The fields of machine learning, natural language processing, and artificial intelligence spent much of the 1970s and 1980s in a kind of holding pattern. To be sure, programmers were working on solving some of the difficult programming problems, but part of the problem is that the massive bodies of text that can now be found on the internet simply don’t exist yet. In the late 1990s, two things will begin to happen: some serious difficulties with making computers “remember context” as they process sequential data, such as text, will be overcome by new algorithms, and the internet will begin to produce quantities of textual data such as the world has never seen before. Finally, there will be enough text for the machines to work with.
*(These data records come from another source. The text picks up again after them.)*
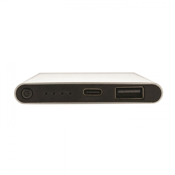 Plochá powerbanka 4 000 mAh. RCS je globálny štandard, ktorý umožňuje overiť použitie rec. materiálu. Podiel recyklátu: 36%. Svetelné indikátory. USB vstup C:5V/2A. USB C výstup:5V/2A, USB A výstup:5V/2A. Vrátane kábla z rec. TPE. PVC free. FSC® krabička.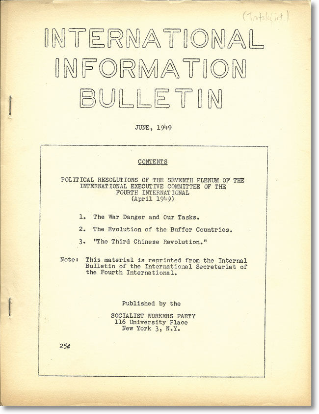 New York: Socialist Workers Party, 1949. First Edition. Quarto (11" x 8-1/2"). Staple-bound, mimeographed sheets; 35pp. Final leaf partially detached; minor browning to text, else Very Good. Official organ of the Socialist Workers Party, the Trotskyist offshoot of the American Socialist Party. This issue reprints Political Resolutions of the Seventh Plenum of the International Executive Committee of the Fourth International (April 1949).
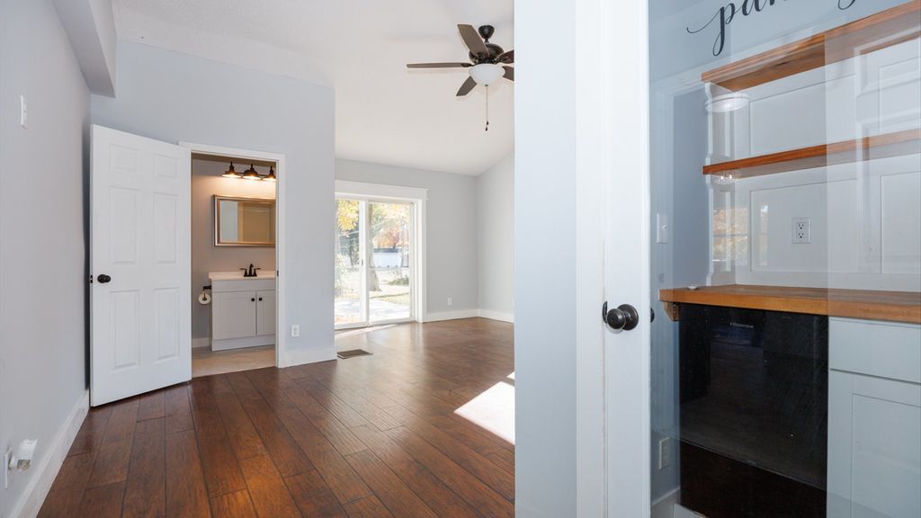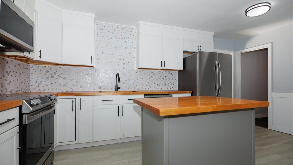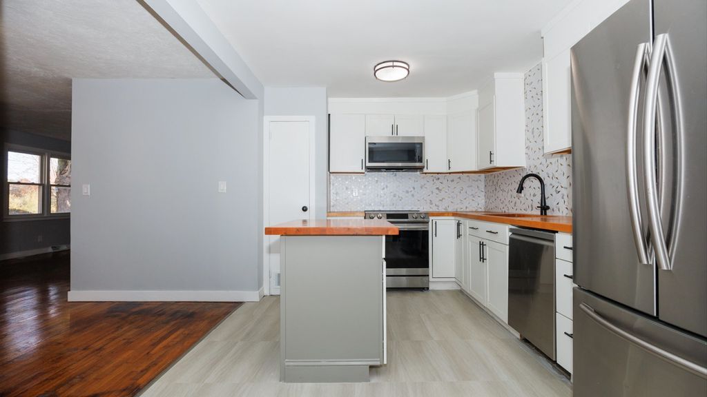 Welcome to this inviting ranch home offering 3 bedrooms and a large additional room that could be used as a 4th bedroom or family room, 1.5 baths, perfectly set on a spacious fenced yard with a deck, fire pit, and storage shed ideal for outdoor enjoyment. Inside you'll love the hardwood floors in the bedrooms and the open airy kitchen featuring beautiful butcher block counter tops. Family room with vaulted ceiling, large walk in pantry with bar and mini fridge, and additional closet with shelves built in. Enjoy cozy evenings in the living room with hardwood floors, built in electric fireplace and gorgeous lake views right out the front window. Major updates include newer HVAC(2025), windows and electrical giving you peace of mind for years to come. A convenient 1 car attached garage completes the package.A great blend of comfort, character, and modern upgrades.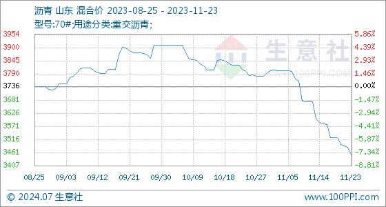 11月23日,生意社沥青基准价为3484.33元/吨,与本月初(3802.67元/吨)相比,下降了-8.37%。

“Artificial intelligence” will thus ultimately — after many complex technological refinements; I don’t want to downplay the complexities of the programming behind LLMs — be built from the realization that we use language in highly predictable, statistically model-able ways coupled with the fervent belief that what can be captured in text is coextensive with what we call intelligence. That is, we tend to believe that “intelligence” is more or less the same as facility with the written word (and numerals: mathematics is also fundamentally an activity of literacy). Everything that we use to “measure intelligence” is based on this facility: school, IQ tests, the SAT and GRE, etc. It’s an odd belief, given that no humans were literate for many millennia, and yet we must have already been displaying the intelligence that would allow us to invent writing, mathematics, and then computers. And yet we can hardly bring ourselves to believe otherwise.
If a linguist is doing it primarily for linguistics research, it’s usually considered a branch of “computational linguistics.” If a computer programmer is doing it trying to make or improve some type of software, it’s usually considered a branch of “natural language processing.” There are some technical distinctions between various subfields of these two larger categories, but they are not relevant to this story.